A bright spot despite tough times is that nearly two-thirds (65 percent) of CFOs surveyed report that their company has an environmental management plan and nine in 10 say the level of funding for their plan will either stay the same or increase in 2009.

 

Other key findings:

Economy: On the positive side, 64 percent of manufacturing company CFOs say the actions taken by the Federal Reserve Board over the past year have helped the U.S. economy. This compares to 58 percent last year. On the negative side, manufacturing company CFOs gave the current state of the U.S. economy an average score of 46, a significant drop from last year's score of 64 on a scale ranging from 0 (extremely weak) to 100 (extremely strong).

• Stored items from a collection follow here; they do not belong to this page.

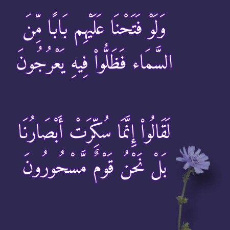 في معنى “وَلَوْ فَتَحْنَا عَلَيْهِم بَابًا مِّنَ السَّمَاء فَظَلُّواْ فِيهِ يَعْرُجُونَ. لَقَالُواْ إِنَّمَا سُكِّرَتْ أَبْصَارُنَا بَلْ نَحْنُ قَوْمٌ مَّسْحُورُونَ”
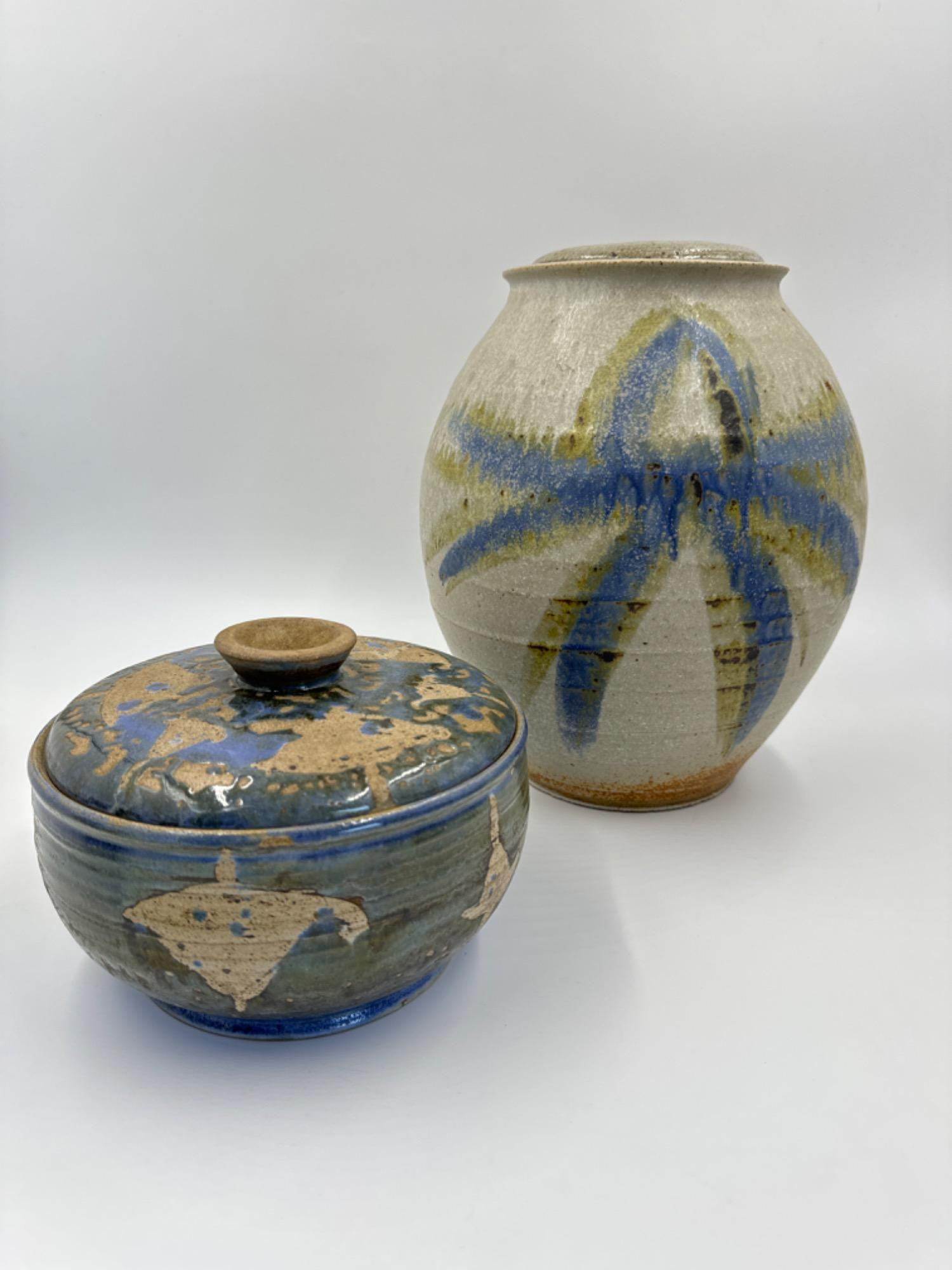 Vintage Neutrals Studio Art Pottery Lidded Vessels Carol Youngberg pottery pot - 7.25”D x 5.5”T 11.5”T - chip on lid
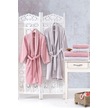 4 Parça Aile Bornoz Seti Kadın Erkek Havlulu Bornoz Takımı Pembe Gri 001
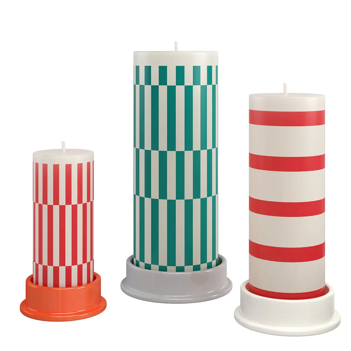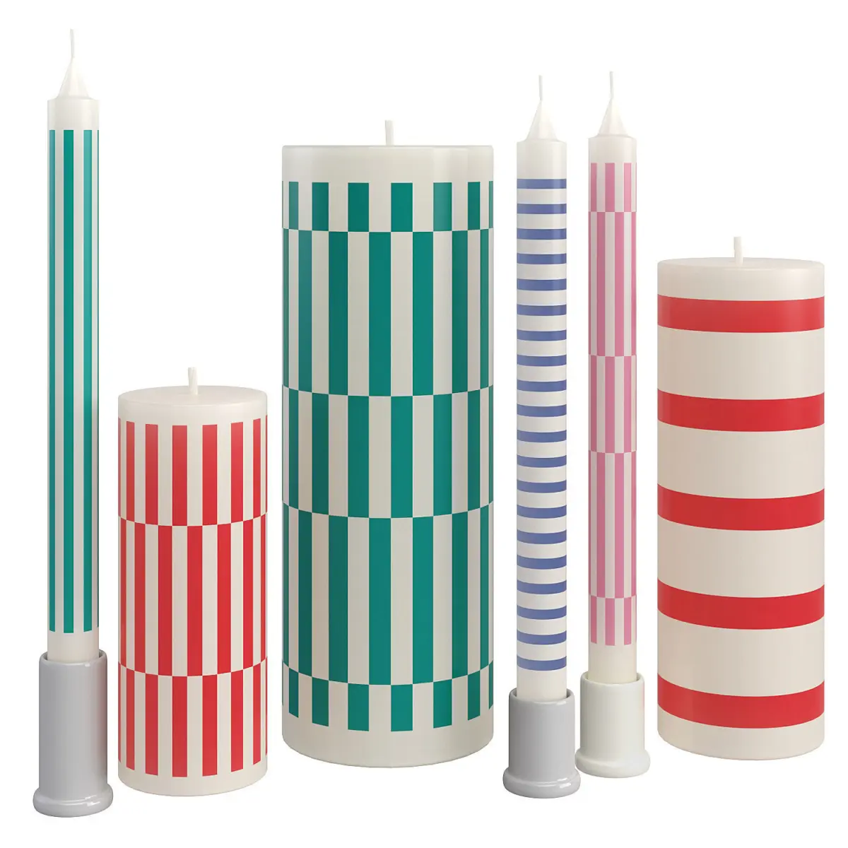 With their solid shape and colorful stripes all around in a variety of vertical and horizontal variations, Hay candles bring a playful and modern touch to your decor.

Thirty percent of CFOs surveyed believe the U.S. economy will outperform the world economy in 2009, a significant increase from 22 percent in 2008, but a decline from a high of 58 percent in 2005.

 

Financing: The top three financial concerns shared by manufacturing company CFOs are the cost of materials excluding energy (81 percent), energy costs (73 percent) and healthcare costs (67 percent). Fifty-nine percent of manufacturing companies are considering financing in 2009, on par with 58 percent last year. The top reasons for financing are capital expenditures (31 percent), working capital (30 percent), U.S. expansion (17 percent) and acquisition (15 percent).

 

Fifty-four percent of manufacturing company CFOs plan to use internal sources as a means of financing in 2009. Other types of commonly used financing include cash flow financing (45 percent), asset-based financing (42 percent) and leasing (31 percent).

 

Of the various products and services offered by lenders, Cash Management (63 percent) and Letters of Credit (59 percent) continue to be the most used by manufacturing companies. These are followed by Foreign Exchange (36 percent) and Retirement Plan Services (36 percent).

 

Labor Costs and Product Pricing: Eighty-three percent of CFOs surveyed expect rising energy costs to impact their product pricing in 2009. Eighteen percent expect energy costs to have a significant impact on their product pricing, up from 9 percent in 2008. Fifty-six percent of CFOs expect their labor costs to increase in the coming year, on par with the 55 percent reported last year.

 

Mergers and Acquisitions: Forty-nine percent of CFOs believe that there are more businesses available at lower purchase price multiples in 2008 than last year. This is up significantly from 29 percent in last year's survey. Forty-five percent of CFOs think the purchase price of companies as a multiple of earnings will decrease in 2009, while only 17 percent feel it will increase.

 

International Outlook: Eighty-three percent conduct business internationally, consistent with last year. Thirty-six percent have international operations, down from 39 percent last year and 42 percent the year before. Among manufacturing companies with foreign operations, 56 percent report plans to expand them in 2008.

 

Although sales growth expectations in Asia (57 percent) remain constant from last year, only 45 percent of CFOs are expecting growth in Europe in 2009 down from 54 percent in 2008. Sixteen percent of CFOs surveyed expect sales to increase in the Middle East in 2009, compared to only 2 percent last year.